To better describe the effect of MK-4519 on wild-type and resistant replicon populations over time, we employed a mathematical model. The model fit the data well (Fig. 10) and yielded mean EC50s of 14.18 nM for the wild-type (sensitive) replicons and 44.03 nM for the mutant (resistant) replicons (Table 2). Mean turnover rate constants (Kturn-s and Kturn-r) were not significantly different between the wild-type and mutant populations in most treatment arms, suggesting that single resistance mutations did not have a large negative impact on the fitness of these mutant replicons.

Overall, the data presented in these studies suggest that monotherapy with MK-4519 is unlikely to be successful. The EC50s calculated for MK-4519 in BelloCell system dose-ranging studies were 1.1 nM by the luciferase assay and 1.8 nM by RT-PCR on day 13. Therefore, the drug concentrations examined in this study were such that the smallest concentration was approximately 3.33 to 5.45 times and the largest concentration was approximately 16.67 to 27.27 times the EC50 at day 13. These large exposures were unable to suppress the amplification of replicon mutant populations, indicating that combination chemotherapy is the most promising option to prevent emergence of resistance for HCV. The BelloCell system can easily be adapted to investigate optimal dosage regimens with multiple compounds, illustrating the versatility of this system.
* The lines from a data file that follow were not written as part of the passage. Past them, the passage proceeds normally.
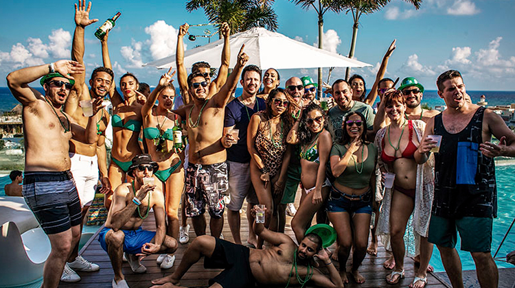 La emblemática terraza del Hotel Thompson Playa del Carmen se tiñó de verde para el festejo de St.Patrick’s Day. Pool Party, juegos y muchas sorpresas fueron transcurriendo durante todo el día, además de bebidas y platillos típicos, banda de rock en vivo, música celta, performers, para cerrar la fiesta bailando al ritmo del DJ residente.
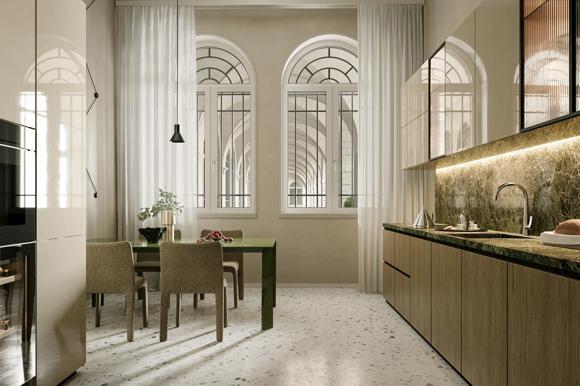 Ogni dettaglio rivela un’attenzione impeccabile alla qualità. In alcune unità, i pavimenti in seminato veneziano, realizzati secondo la tradizione artigianale locale, aggiungono un valore unico e identitario.
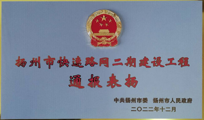 揚(yáng)州市快速路網(wǎng)二期建設(shè)工程 - 通報(bào)表?yè)P(yáng)
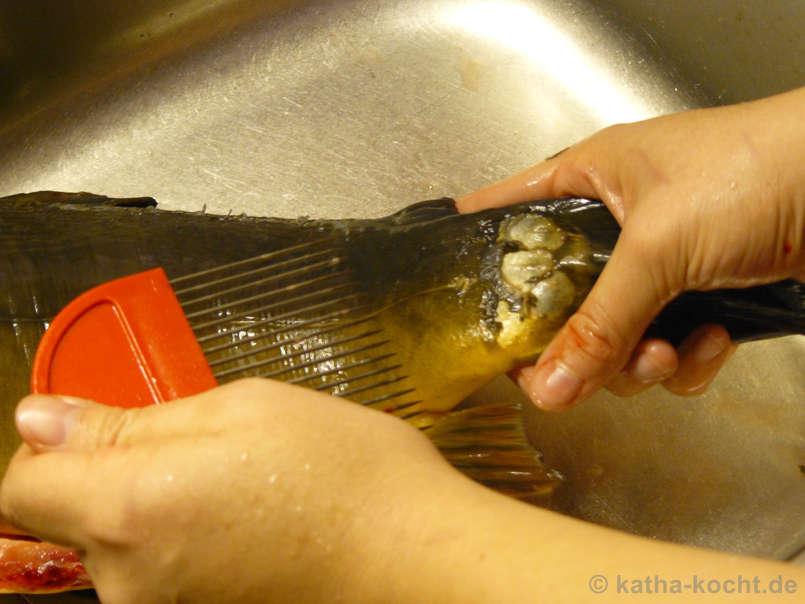 Ich war Team Karpfen, die Omi hat genaue Instruktionen geliefert. Zuerst wurde der Fisch geschuppt. Dazu habe ich mit einem kleinen „Schuppen-Kamm“ gegen den Strich die Schuppen vom Fisch gekratzt. Klingt nicht so schwer, der Fisch war aber verdammt glitschig – es hätte also auch einfacher sein können.
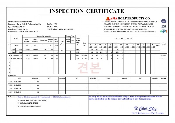 아세아볼트기업 모든 제품은 성적서 발행 가능합니다.
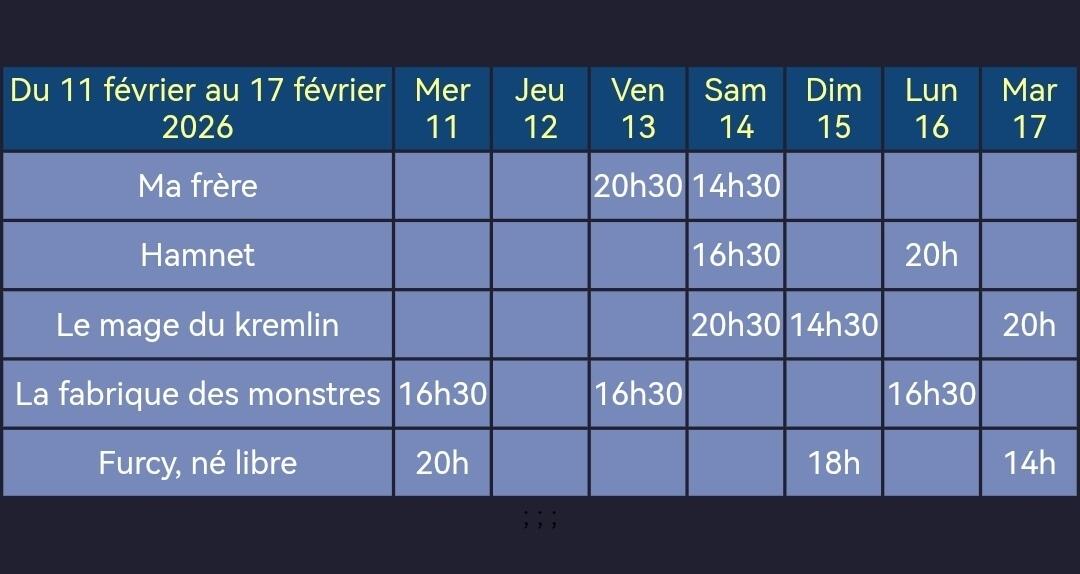 Programme AureCinéma du 11 au 17 février
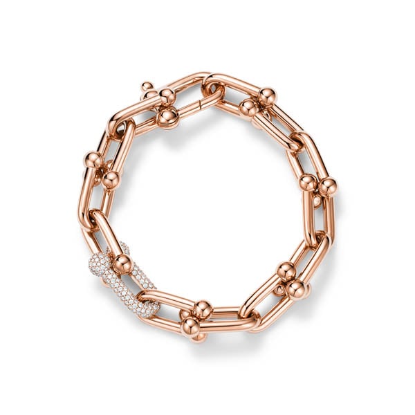 ジュエリーには「ティファニー(Tiffany & Co.)」のハードウェアコレクションを着用。ゴールドのトリプル ドロップ ピアスとブレスレットを合わせました。

The BelloCell system holds many advantages over traditional tissue culture methods used to measure antiviral activity against HCV replicons. However, the ability to simulate any drug concentration-time profile for a compound is arguably the most important property of the system. We employed this aspect of the BelloCell system to design optimal dosing regimens for MK-4519 when used against a genotype 1b HCV replicon. We showed that the dynamically linked PD parameter for the inhibition of replicon replication is the time that the concentration remains greater than the EC50. Additionally, we were able to detect replicons containing known genetic mutations that confer resistance to serine protease inhibitors as a consequence of MK-4519 therapy. The mutations selected under drug pressure in this study are the same mutations described in patients receiving monotherapy with other serine protease inhibitors, including boceprevir and telaprevir (18, 24). These data indicate that the BelloCell system is an important and clinically relevant in vitro tool that is likely to have significant implications for optimizing dosing strategies of anti-HCV compounds. Future studies will focus on testing in the BelloCell system anti-HCV compounds which have already been used in clinical trials. These studies are paramount for further validation of the clinical utility of the BelloCell system.